December 18, 2020 blog-post general-interest christmas holidays artificial-intelligence data-visualization nlp topic-modeling dimensionality-reduction transformers

It’s that time of the year again! As is now tradition, the Thinking Machines team challenged ourselves to use our artificial intelligence and data visualization expertise to bring you some holiday cheer through a fun side project.

In the past, we’ve come up with a snowflake generator, trained an AI to generate a unique artwork in the style of famous artists, and used geospatial data to create parol-inspired holiday cards. With this year being tough for everyone, we definitely didn’t want to miss the chance to make something special for our friends and partners at Thinking Machines. This year, we decided to highlight Natural Language Processing (NLP) and data visualization in the newest addition to our holiday card generators, the AI Holiday Greeter!

Enjoy a bokeh christmas lights visualization of what people are saying about the holidays in 2020 and a series of AI-generated holiday greetings as you make your own holiday card with our AI Holiday Greeter below. Add in your personal message and voila! Your very own digital holiday card is good to share to your friends and family.

More interested in how we came up with this? Scroll down for the details!


Step 1: Coming up with topic clusters

What better way to know what people are saying about the holidays than via social media listening? We scraped Twitter for tweets containing holiday-themed keywords like Christmas, pasko, and holidays; each tweet became one point in our dataset.

To help the topic modeling algorithm and keep things simple, we pre-processed the tweets by removing common stopwords (e.g. the, a, is), punctuation, mentions, and hashtags to leave just the core message.

We then turned the text into a format that topic modeling algorithms will understand -- numbers. We used a technique called TF-IDF to turn each tweet into a single vector. The vector carries information about each word’s importance based on how often it appears in the entire corpus and in the tweet.

Now we are ready to apply machine learning models. We used non-negative matrix factorization (NMF) to discover striking topics shared by similar tweets. This assigns documents (or in our case, tweets) to topics based on how relevant each word in the tweet is to a topic.

With this information, we can now assign a christmas-y color to each cluster of tweets and map everything in 2D space. But wait! How exactly do we map the tweets in 2D space if the size of their vector representations equals the vocabulary size (which is definitely much larger than 2!). This is where dimensionality reduction techniques like Uniform Manifold Approximation and Projection for Dimension Reduction (UMAP) and t-distributed Stochastic Neighbor Embedding (t-SNE) come in.

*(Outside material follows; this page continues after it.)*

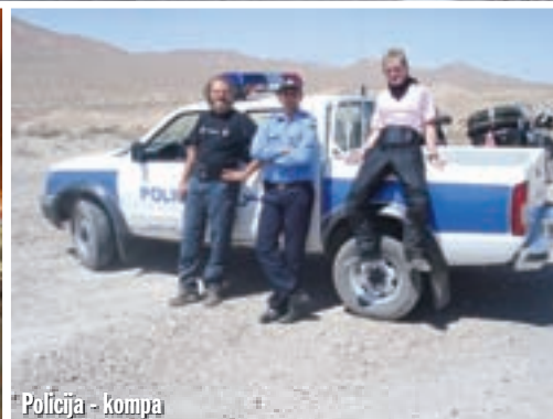
Policija - kompa

pređa mnogom, ne pogodim. To je bio pravi moto-show, ovdje u srcu Irana! Da čovjek ne povjeruje! A što bi tek bilo da imaju GSXR-e ili CBR-e? Svi su bez kaciga, u Iranu nisam vidio da itko nosi kacigu. A onda nešto što nisam mogao vjerovati: Pređa mnogom se pojavio motocikl sa šest ispušnih cijevi! Da li je to zaista to što mislim? Ovdje u Iranu? Nemoguće! Teškom mukom probio sam se između jurećih stovadesetpetica, i zaista: pored mene, bez tablice (koje inače u Iranu imaju svi) vozi Benelli 750 Sei, u originalnom stanju! Jedan od najlegendarnijih motocikala uopće! Prvi šestcilindraš modernog doba! Kada smo stigli do hotela, u onoj gužvi odmah sam krenuo u potragu za Benellijem. Nisam ga našao. Očito ga je vlasnik izvukao samo radi nas, te ga odmah sakrio. Motocikli, koji su do 1980. godine ostali u Iranu, ne mogu se registrirati, dakle niti voziti. Uredan hotel platili smo vrlo malo.

Step 2: Turning scatter plots into Christmas-y visualizations

So how did we make a bunch of dots look festive and Christmas card-worthy? The answer was plain and simple: bokeh.

Using D3, a JavaScript library for data visualization, we first had to choose which set of 2D coordinates looked the most pleasantly scattered. In most of our attempts, the t-SNE mapping worked best —it was important for each dot to have some separation from the others for each one to stand out.

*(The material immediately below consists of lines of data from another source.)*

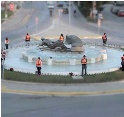
FORTRESS EUROPE (2016 ΕΓΧ 9')
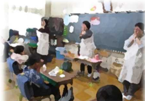
12日(木)4年・レインボー歯科指導
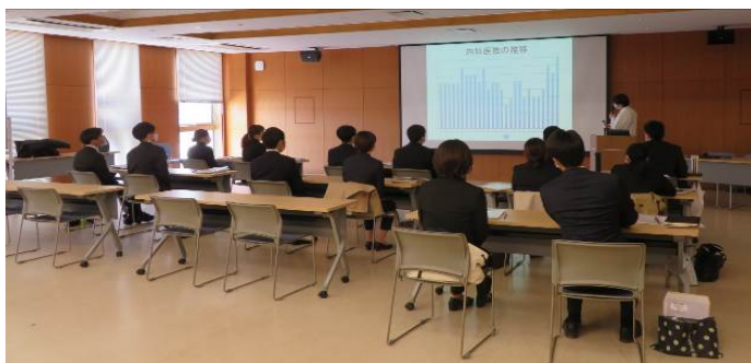
新採用職員ガイダンス

信州大学医学部の研修生が3回にわたり来院、コロナの間隙を縫って大町市の自然、歴史、地理、産業と病院の歴史、サポーターの会活動紹介などをした。カボチャ、玉ねぎ、ジャガイモ、白菜、大根、ラベンダー、栗、干し柿など野菜類と赤飯、白米を中心に医局他へ差し入れた。病院経営では職員が一丸となり改善を進め、令和2年度決算は、昨年度を上回る5億円余の経常利益を計上し、資金不足比率は解消し3年連続の黒字経営を実現した。またコロナ患者の入院治療、発熱外来や外来・検査センターの運営、さらにワクチン接種など、感染症指定医療機関としての責務を果たすべく努力された。年度末には外来ロビーの椅子と窓口カウンターのリニューアルが行われ院内が明るくなった。3年度末常勤医師は25人。

The next step was coloring the dots by cluster, and the right colors weren’t hard to find at all! The christmas-y palette came from our very own Thinking Machines design system, Asimov. The primary colors in Asimov perfectly resembled holiday lights, and after carefully assigning each color to the individual clusters, we had a vibrant scatter plot.

It still wasn’t quite as christmas-y as we wanted it to be, but after a few tweaks in dot size and opacity, we went from this:

to this:

Now that we’ve made the bokeh look satisfyingly realistic, we added some blur and luminance touches, rendered it (in 3D!) in the app, and our christmas lights were good to go!

Step 3: Training an AI model

Of course, we didn’t want to stop at just those beautiful visualizations! To make it extra special, we decided to train an AI to generate the greetings for us.

We started with OpenAI's GPT-2 language model, an AI that takes a short prompt and uses it to generate coherent text which mimics the style and content of the prompt. For example, you could give it one paragraph of a story and it could continue on with a few more pages of text which surprisingly make sense.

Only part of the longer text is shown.